Thursday, 5 November 2009

Under the trees, among the rocks, a thatched hut;
verses and sacred commentaries live there together.
I'll burn the books I carry in my bag,
but how can I forget the verses written in my gut?

Attention Preparation Beginning

Introduction, Preparation, Beginning from Yin&Yang on Vimeo.
D.T. Suzuki when I was studying with him, said the ego has the capacity to cut itself off from experience - whether it comes through the senses or through dreams - and it can also flow with the experience. It has that capacity.
In other words we can change our minds, so that rather than concentrating on our selves in self-consciousness, we can become attentive to environment-outside like today, or be, so to speak, zero in the contemplative setting.
I thought that instead of taking the conventional discipline of sitting cross-legged that I would take this other way. If I approach the world of relativity free of my likes and dislikes, so that when something happens that I don't like, instead of continuing to say I don't like, I ask myself why don't I like it? then here is a clear possibility of changing my mind.
I proceed from one composition to another in a similar way.And then you can take all kinds of things as guides. In other words, you can become an observer of your work and the effect of your work both on yourself and to a lesser extent on other people.
John Cage

Monday, 2 November 2009

Vision in Relaxation

Shaman, salespeople, hypnotists even tai chi practitioners know the fastest way to positively influence the mind is to start with the body. We start with the body because it requires less effort to make a physical change than to change your state of mind. For example most people can't change from tense to relaxed through mental effort alone.But you can easily produce a more relaxed state by making a physical change - such as going for a walk, practicing some tai chi, or by having someone massage your shoulders.
Here is one of my favourite "instant relax exercises " that can be done anywhere for an immediate calm.

Fix your gaze on something directly ahead of you without changing your focus in any way. Allow your peripheral vision to widen.
Without moving your eyes, gradually expand your vision so you can take in more and more of the space around you.
If it feels comfortable, you can take it further; just relax and allow your vision to widen...until you can sense not only the things beside you, but behind you as well.
Now you have a 'visual sense' of being centered and relaxed.

Vision in Learning

Often we pay so much attention to learning the physical postures and applications in T'ai Chi that we forget about how we learn. We learn best by using our whole bodies.

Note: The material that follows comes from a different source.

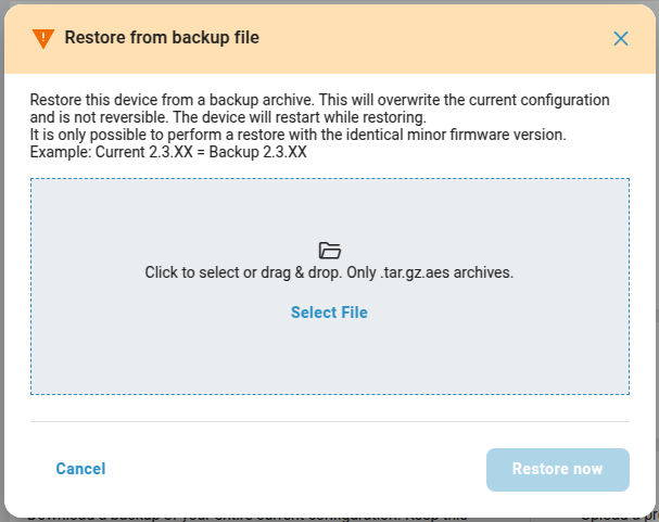 In the settings next to the backup creation, you can also find the backup restoration. Click on Restore from file. Now you can upload the backup file and click on Restore now
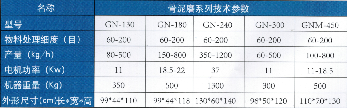 能加工禽骨:如雞骨架、鴨骨架;畜骨:如豬骨、牛羊骨;豬皮、雞皮及各種魚(yú)、肉類等。骨泥加工工藝流程:粗碎-〉粗磨一〉精磨->鮮骨泥廣泛應(yīng)用于各種香腸、火腿、午餐肉、丸子、咸味香精、骨髓浸膏、寵物食品、速凍食品、餐飲配料、骨湯、軟骨素、骨膠、骨粉、高鈣食品、保健品、生物制藥等行業(yè)。

I find that when I am trying to figure things out, like a new posture, my focus can become narrow. This is what most of us were taught in school; paying close attention meant shutting down our awareness into a narrow, concentrated point. This is useful in some cases, like solving a maths problem, but counterproductive when learning T'ai Chi. When I catch myself in 'narrow focus' , I soften and widen my vision.

When our vision de-converges our plain of focus remains the same but our view widens. Even without moving our eyes we take in more visual information around us. This peripheral vision produces a much different type of understanding, one that is broad and holistic and very conducive to learning.

This is not to say that narrow, or converged, vision is not useful in T'ai Chi. When we want to analyse and perfect a posture or when we want to express energy in an application, narrow focused vision is best. For example , the energy delivered in an application can be greatly increased by using our eyes .

Beginners often look down as they yield and this dissipates their energy into the ground . By simply lifting their gaze, the application becomes 100% more effective.